Anti-Semitism Returns to the House of Commons

Palace of Westminster (photo courtesy: Wikipedia)

Palace of Westminster (photo courtesy: Wikipedia)

Less than six months after the Liberal Democrat MP for Bradford East, David Ward, was accused of anti-Semitism for the equating the Nazis’ treatment of the Jews with “the Jews” treatment of the Palestinians, yet another Liberal Democrat MP, Sir Bob Russell, has equated the victims of the Holocaust with the ‘plight of the Palestinians’ since the birth of the state of Israel.

This happened last week during a debate in the House of Commons on the national school curriculum. Given that English law requires the Holocaust to be taught to all school children as part of the History syllabus, Russell asked the Education Minister, Michael Gove, the following question: “On the assumption that [coverage of] the 20th Century will include the Holocaust, will he give me an assurance that the life of Palestinians since 1948 will be given equal attention?”

Bob Russell’s statement, just as David Ward’s, has caused offence to the UK Jewish community and embarrassment to the Liberal-Democrat Friends of Israel, but as yet there has been no apology from Russell and no indication of any censure by the Liberal Democrat Leader and Deputy Prime Minister, Nick Clegg.  There has even been little, if any, media attention given to Russell’s comments. It’s as if the ‘Nazification of Israel’, the idea that ‘the Jews are to the Palestinians what the Nazis were to the Jews’, has become so commonplace that it is no longer news worthy.

Yet the idea that the plight of the Palestinians should be given the same prominence in the school curriculum as the Holocaust is not only extremely offensive, but is also absurd. Russell’s equivalence, just like David Ward’s before him, relies on the re-writing of Jewish history and the misreading of the Israel-Palestine conflict. It represents a misjudgement which, like that of the anti-Dreyfusards whose faith in Dreyfus’s guilt contradicted all evidence to the contrary, can only flow from the willingness to believe the absolute worst about Jews. This is anti-Semitism.

Thus anti-Semitism has returned to the House of Commons in the guise of anti-Nazism and is masquerading as concern for the Palestinians. As Anthony Julius has noted, “it is the peculiar misfortune of Jews that their persecutors have been drawn from the ranks of the sanctimonious, the kind of people who cloak their anti-Semitism in a moral purpose.” Perhaps this is why Bob Russell’s ‘Nazification’ of Israel has, as yet, drawn little opprobrium.

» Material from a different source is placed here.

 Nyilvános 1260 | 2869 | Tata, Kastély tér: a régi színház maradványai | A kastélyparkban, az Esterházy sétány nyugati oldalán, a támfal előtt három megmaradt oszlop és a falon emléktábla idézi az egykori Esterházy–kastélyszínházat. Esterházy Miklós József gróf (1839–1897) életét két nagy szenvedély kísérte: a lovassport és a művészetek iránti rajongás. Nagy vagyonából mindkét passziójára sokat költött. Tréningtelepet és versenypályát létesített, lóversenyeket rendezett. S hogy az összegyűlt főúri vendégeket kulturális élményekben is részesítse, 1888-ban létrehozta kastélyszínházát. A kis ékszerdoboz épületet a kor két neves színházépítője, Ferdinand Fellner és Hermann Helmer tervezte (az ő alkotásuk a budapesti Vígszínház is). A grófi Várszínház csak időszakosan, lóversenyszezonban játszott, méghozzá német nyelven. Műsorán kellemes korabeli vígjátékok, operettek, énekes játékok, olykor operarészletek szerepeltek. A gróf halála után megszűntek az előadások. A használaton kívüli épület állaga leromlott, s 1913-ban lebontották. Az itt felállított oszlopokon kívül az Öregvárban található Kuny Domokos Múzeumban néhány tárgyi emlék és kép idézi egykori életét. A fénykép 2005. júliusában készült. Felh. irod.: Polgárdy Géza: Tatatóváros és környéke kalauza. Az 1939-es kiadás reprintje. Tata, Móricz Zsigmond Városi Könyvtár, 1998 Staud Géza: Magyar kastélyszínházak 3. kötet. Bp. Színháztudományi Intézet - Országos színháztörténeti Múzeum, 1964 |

Julius has also expressed the opinion that the posture of anti-Semites towards Jews is determined by malice. I tend to agree with him. Certainly, in the case of David Ward, this seems to be a correct observation. I say this because despite the offence which he knows he caused to the UK Jewish community when he chose Holocaust Memorial Day to ‘Nazify’ Israel and “the Jews,” he has once again caused offence with the following tweet, “Am I wrong or am I right? At long last the Zionists are losing the battle – how long can the apartheid state of Israel last?” And he timed this tweet to come just days after Bob Russell’s remarks….

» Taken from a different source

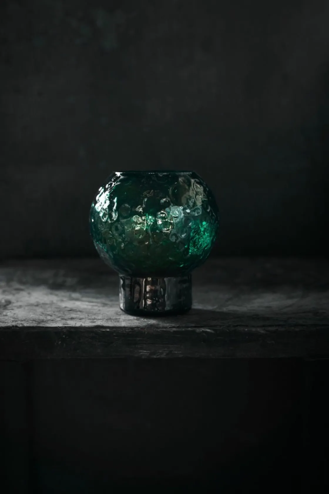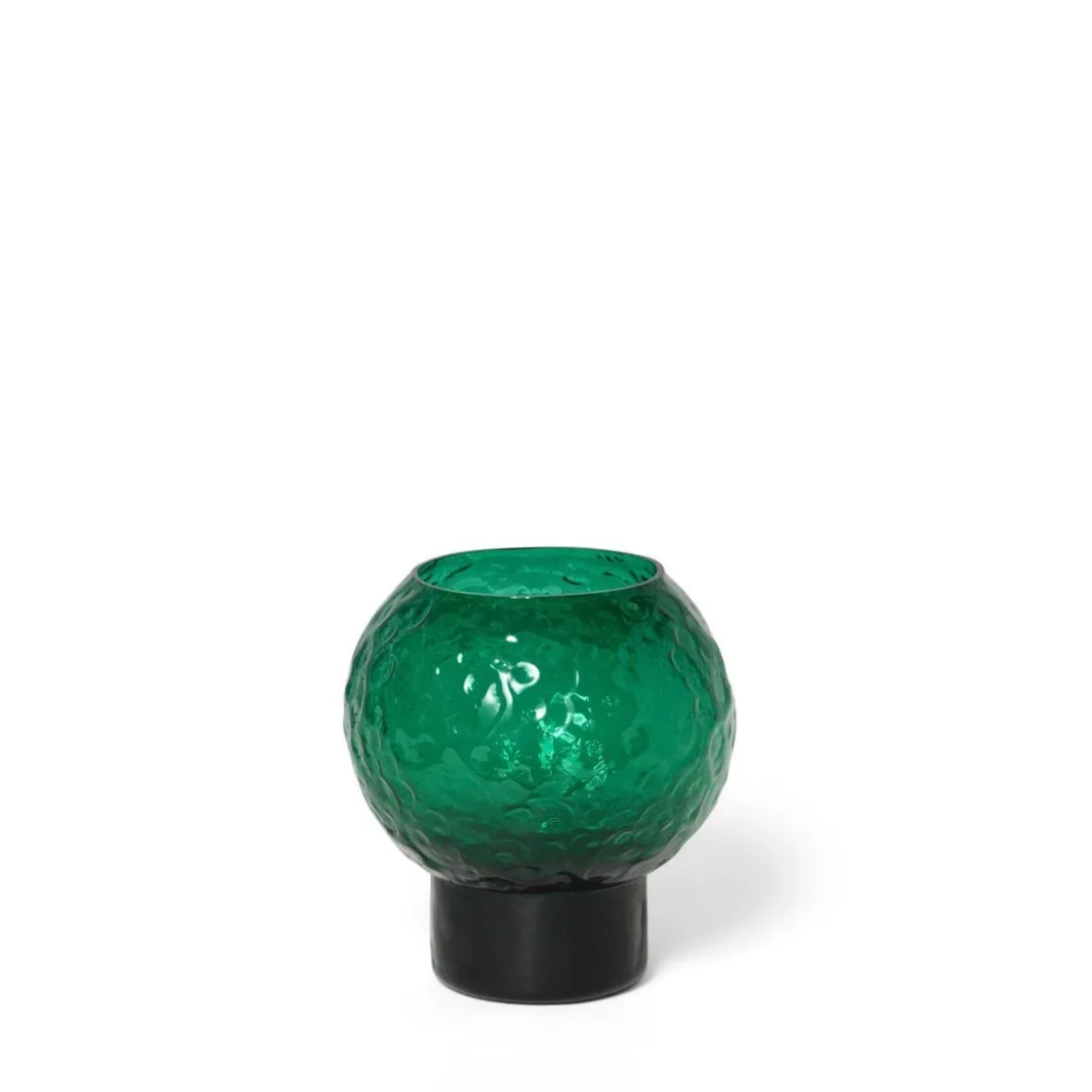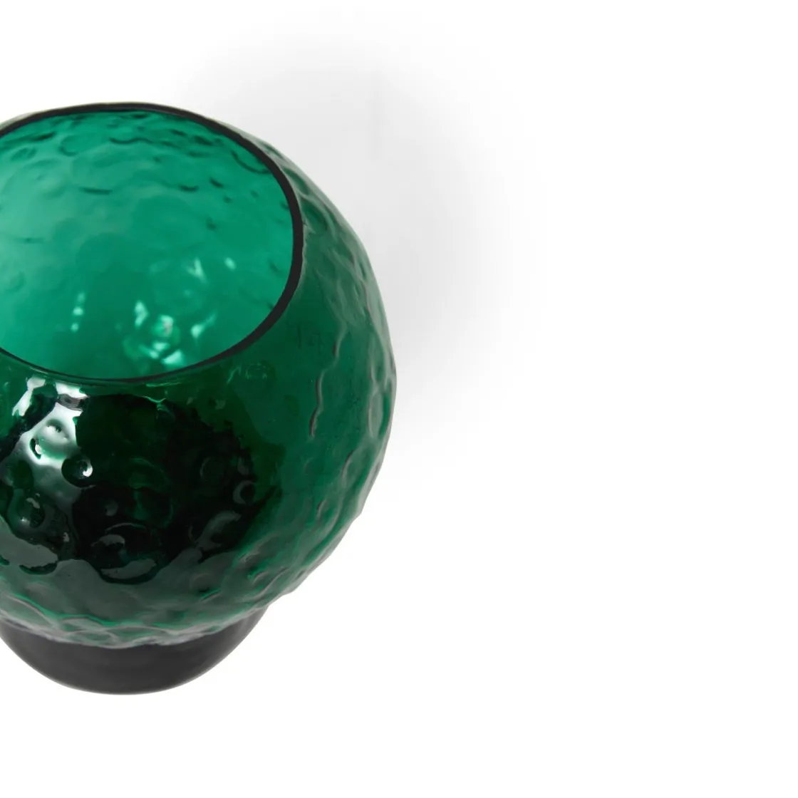 Munblåst grön ljuslykta, framtagen i samarbete med Skrufs Glasbruk i Småland. Varje objekt är munblåst med precision och fingertoppskänsla av Skrufs skickliga glasblåsare. Ljuslyktans struktur ger glaset liv och karaktär och skapar ett unikt ljusspel som framhäver hantverket bakom varje exemplar. Finns även i klarglas och orange.

It is frankly high time that Nick Clegg took decisive action against those members of the Liberal-Democrat Party who insist on offending Anglo-Jewry. It is not only David Ward and Bob Russell who are the culprits:  Chris Davies, Simon Hughes, Baroness Jenny Tonge, and Lord Phillips of Sudbury are among other high-ranking Liberal Democrat MPs who have repeatedly used the Israel-Palestine conflict both to make inflammatory remarks about “the Jews” and to invoke the blood libel, the conspiracy libel, and the economic libel in their demonization of Israel. Not only does Nick Clegg need to take action but he needs to take action now. This is because, as freelance journalist Richard Mather has stated, “There’s nothing Liberal about offending Jews.”